**** Data under study ****

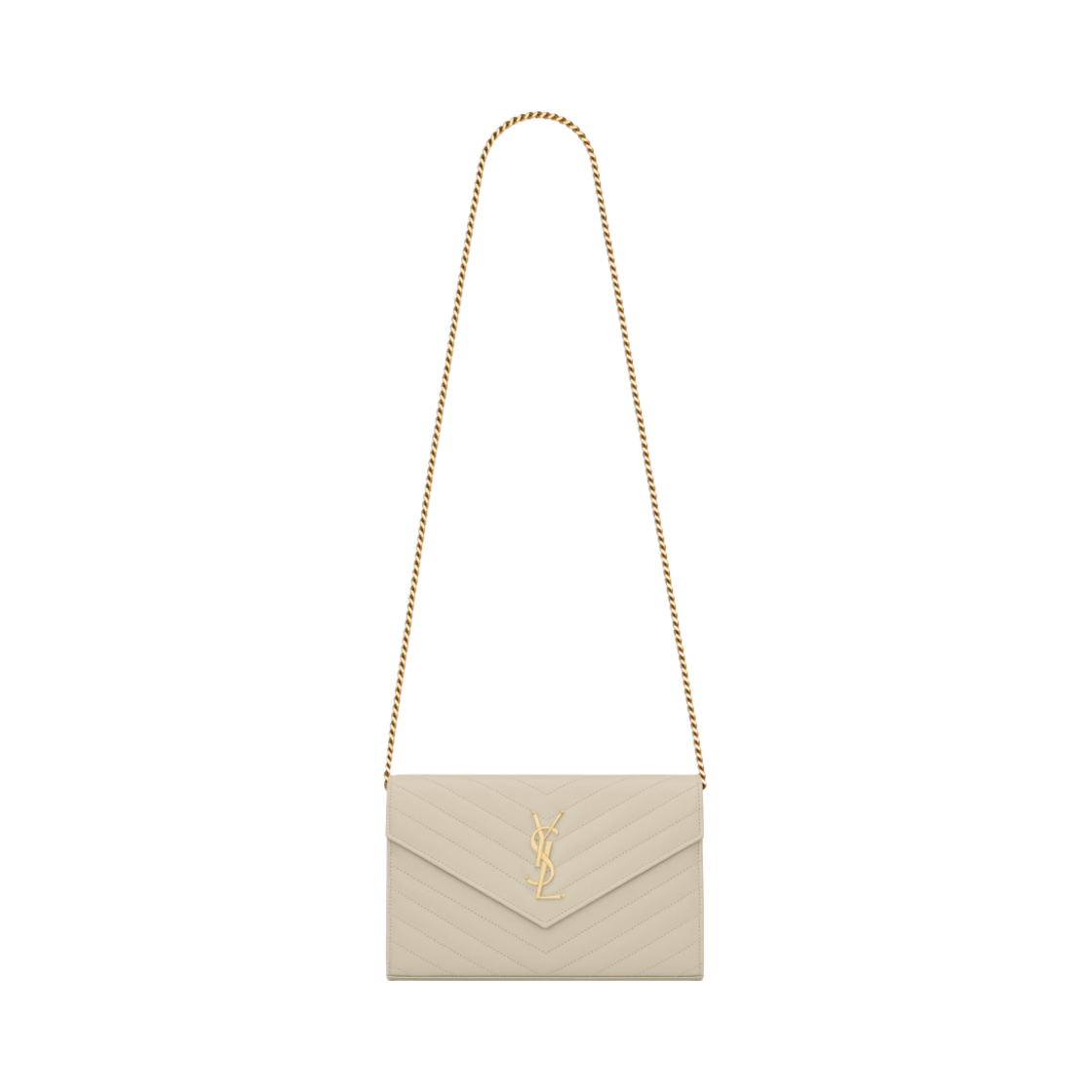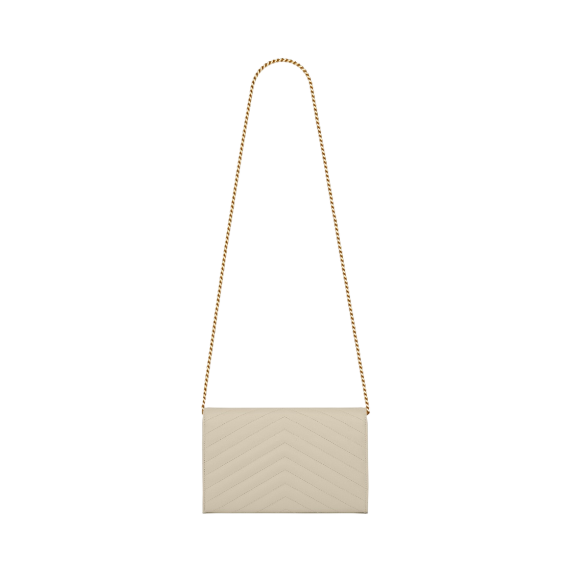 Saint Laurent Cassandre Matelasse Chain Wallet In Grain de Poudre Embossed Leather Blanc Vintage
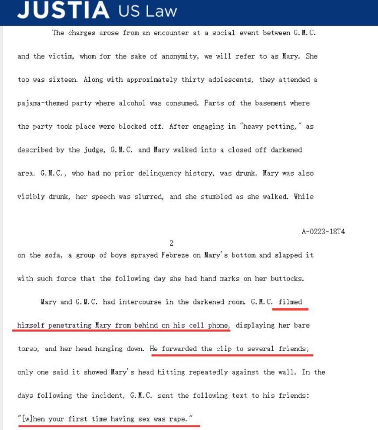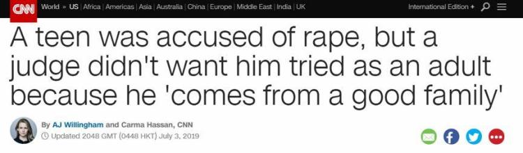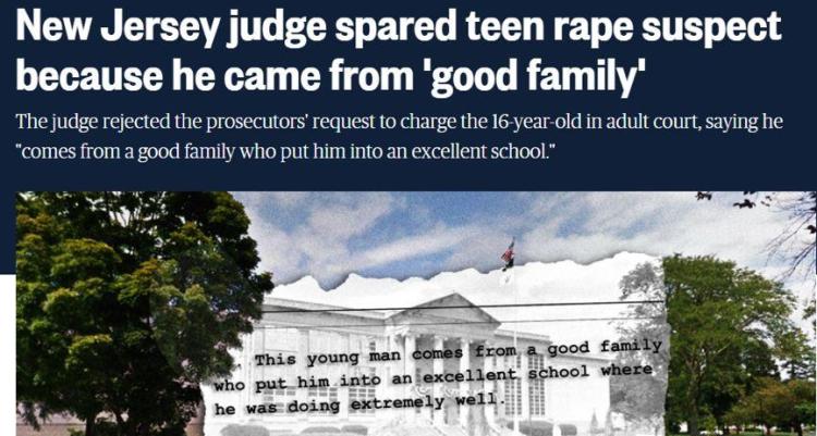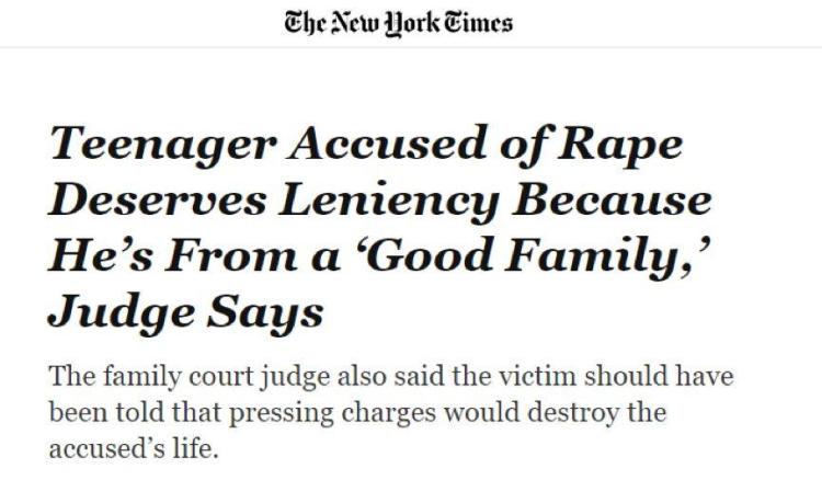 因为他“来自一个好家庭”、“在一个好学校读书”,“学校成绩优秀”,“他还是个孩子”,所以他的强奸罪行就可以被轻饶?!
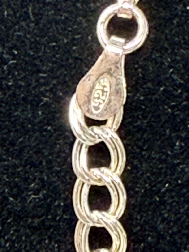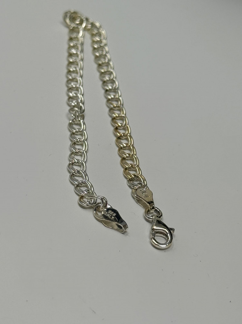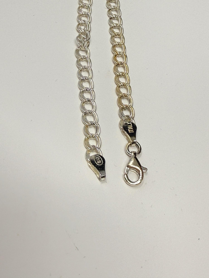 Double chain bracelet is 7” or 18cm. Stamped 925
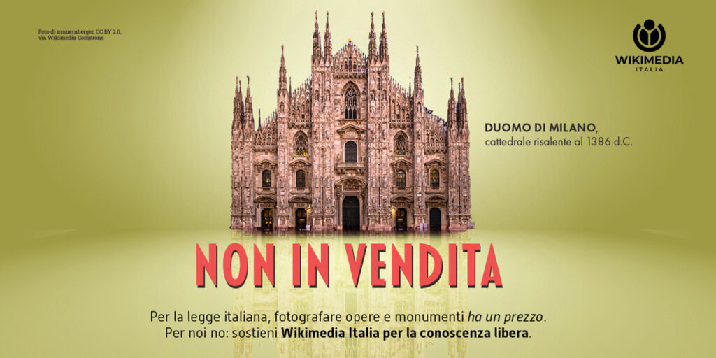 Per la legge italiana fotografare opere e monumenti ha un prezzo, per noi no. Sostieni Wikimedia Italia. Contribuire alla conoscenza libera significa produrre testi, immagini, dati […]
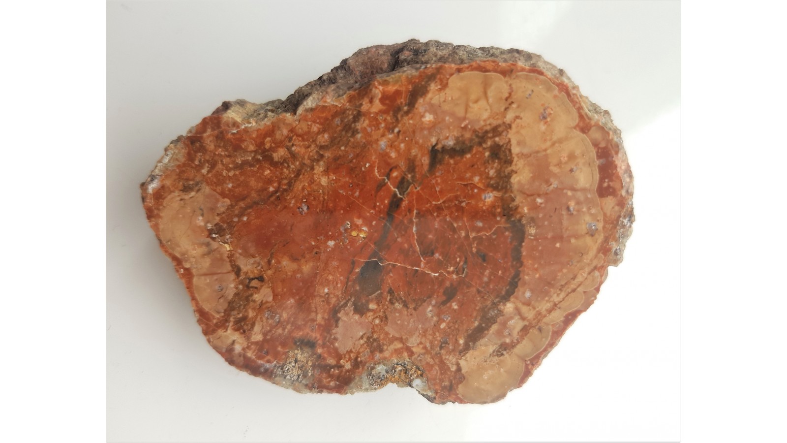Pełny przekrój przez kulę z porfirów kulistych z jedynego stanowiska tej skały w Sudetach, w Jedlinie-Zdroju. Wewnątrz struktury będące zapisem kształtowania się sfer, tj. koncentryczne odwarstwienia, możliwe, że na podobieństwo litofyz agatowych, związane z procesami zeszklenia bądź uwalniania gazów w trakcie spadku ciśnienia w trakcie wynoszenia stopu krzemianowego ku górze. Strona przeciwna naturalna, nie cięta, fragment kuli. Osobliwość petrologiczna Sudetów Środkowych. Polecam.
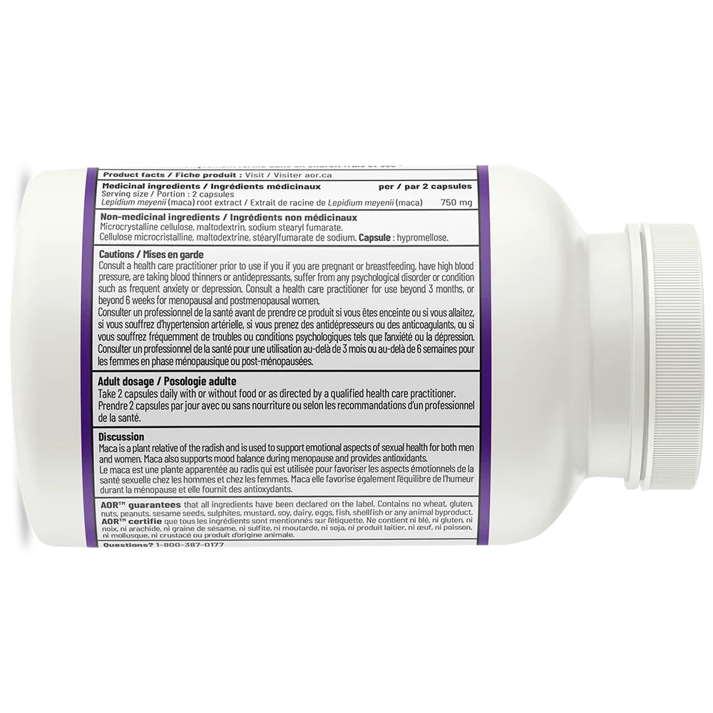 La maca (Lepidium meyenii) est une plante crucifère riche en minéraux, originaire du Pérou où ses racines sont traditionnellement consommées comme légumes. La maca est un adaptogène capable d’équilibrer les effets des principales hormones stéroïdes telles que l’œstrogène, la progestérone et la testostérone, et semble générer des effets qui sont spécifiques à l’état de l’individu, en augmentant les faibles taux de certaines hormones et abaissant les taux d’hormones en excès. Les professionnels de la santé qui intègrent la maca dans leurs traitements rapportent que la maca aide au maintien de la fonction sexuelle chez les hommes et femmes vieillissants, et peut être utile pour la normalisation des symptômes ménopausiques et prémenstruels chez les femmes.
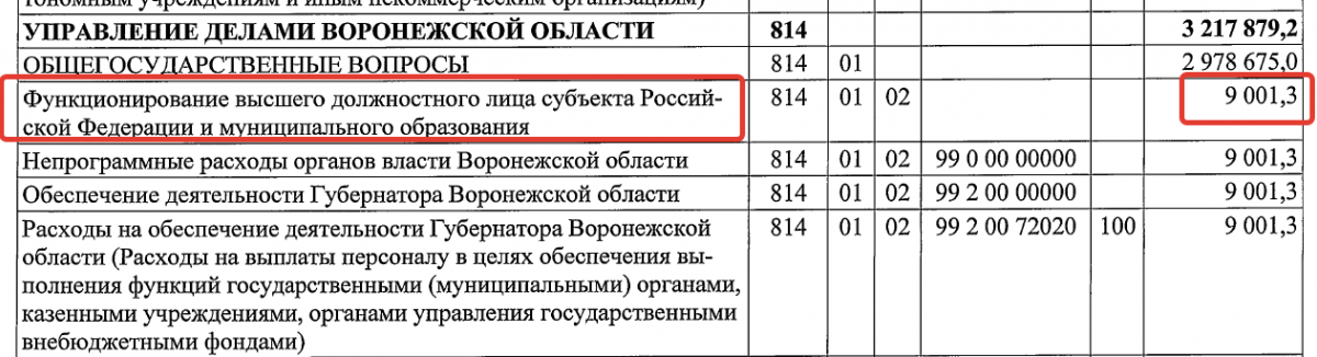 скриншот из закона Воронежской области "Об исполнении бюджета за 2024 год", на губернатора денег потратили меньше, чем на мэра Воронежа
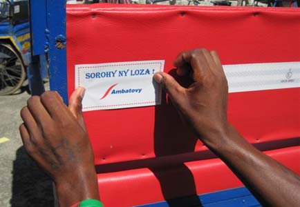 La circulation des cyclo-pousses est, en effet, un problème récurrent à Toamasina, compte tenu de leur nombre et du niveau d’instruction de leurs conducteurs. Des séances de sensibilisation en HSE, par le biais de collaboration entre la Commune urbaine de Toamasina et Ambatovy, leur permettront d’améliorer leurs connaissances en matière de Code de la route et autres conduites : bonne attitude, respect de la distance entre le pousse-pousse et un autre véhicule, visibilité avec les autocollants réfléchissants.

****

- Exercise instructions
Give back the full listing exactly, with pictures dropped.

- Result
 Saint Laurent Cassandre Matelasse Chain Wallet In Grain de Poudre Embossed Leather Blanc Vintage
 因为他“来自一个好家庭”、“在一个好学校读书”,“学校成绩优秀”,“他还是个孩子”,所以他的强奸罪行就可以被轻饶?!
 Double chain bracelet is 7” or 18cm. Stamped 925
 Per la legge italiana fotografare opere e monumenti ha un prezzo, per noi no. Sostieni Wikimedia Italia. Contribuire alla conoscenza libera significa produrre testi, immagini, dati […]
Pełny przekrój przez kulę z porfirów kulistych z jedynego stanowiska tej skały w Sudetach, w Jedlinie-Zdroju. Wewnątrz struktury będące zapisem kształtowania się sfer, tj. koncentryczne odwarstwienia, możliwe, że na podobieństwo litofyz agatowych, związane z procesami zeszklenia bądź uwalniania gazów w trakcie spadku ciśnienia w trakcie wynoszenia stopu krzemianowego ku górze. Strona przeciwna naturalna, nie cięta, fragment kuli. Osobliwość petrologiczna Sudetów Środkowych. Polecam.
 La maca (Lepidium meyenii) est une plante crucifère riche en minéraux, originaire du Pérou où ses racines sont traditionnellement consommées comme légumes. La maca est un adaptogène capable d’équilibrer les effets des principales hormones stéroïdes telles que l’œstrogène, la progestérone et la testostérone, et semble générer des effets qui sont spécifiques à l’état de l’individu, en augmentant les faibles taux de certaines hormones et abaissant les taux d’hormones en excès. Les professionnels de la santé qui intègrent la maca dans leurs traitements rapportent que la maca aide au maintien de la fonction sexuelle chez les hommes et femmes vieillissants, et peut être utile pour la normalisation des symptômes ménopausiques et prémenstruels chez les femmes.
 скриншот из закона Воронежской области "Об исполнении бюджета за 2024 год", на губернатора денег потратили меньше, чем на мэра Воронежа
 La circulation des cyclo-pousses est, en effet, un problème récurrent à Toamasina, compte tenu de leur nombre et du niveau d’instruction de leurs conducteurs. Des séances de sensibilisation en HSE, par le biais de collaboration entre la Commune urbaine de Toamasina et Ambatovy, leur permettront d’améliorer leurs connaissances en matière de Code de la route et autres conduites : bonne attitude, respect de la distance entre le pousse-pousse et un autre véhicule, visibilité avec les autocollants réfléchissants.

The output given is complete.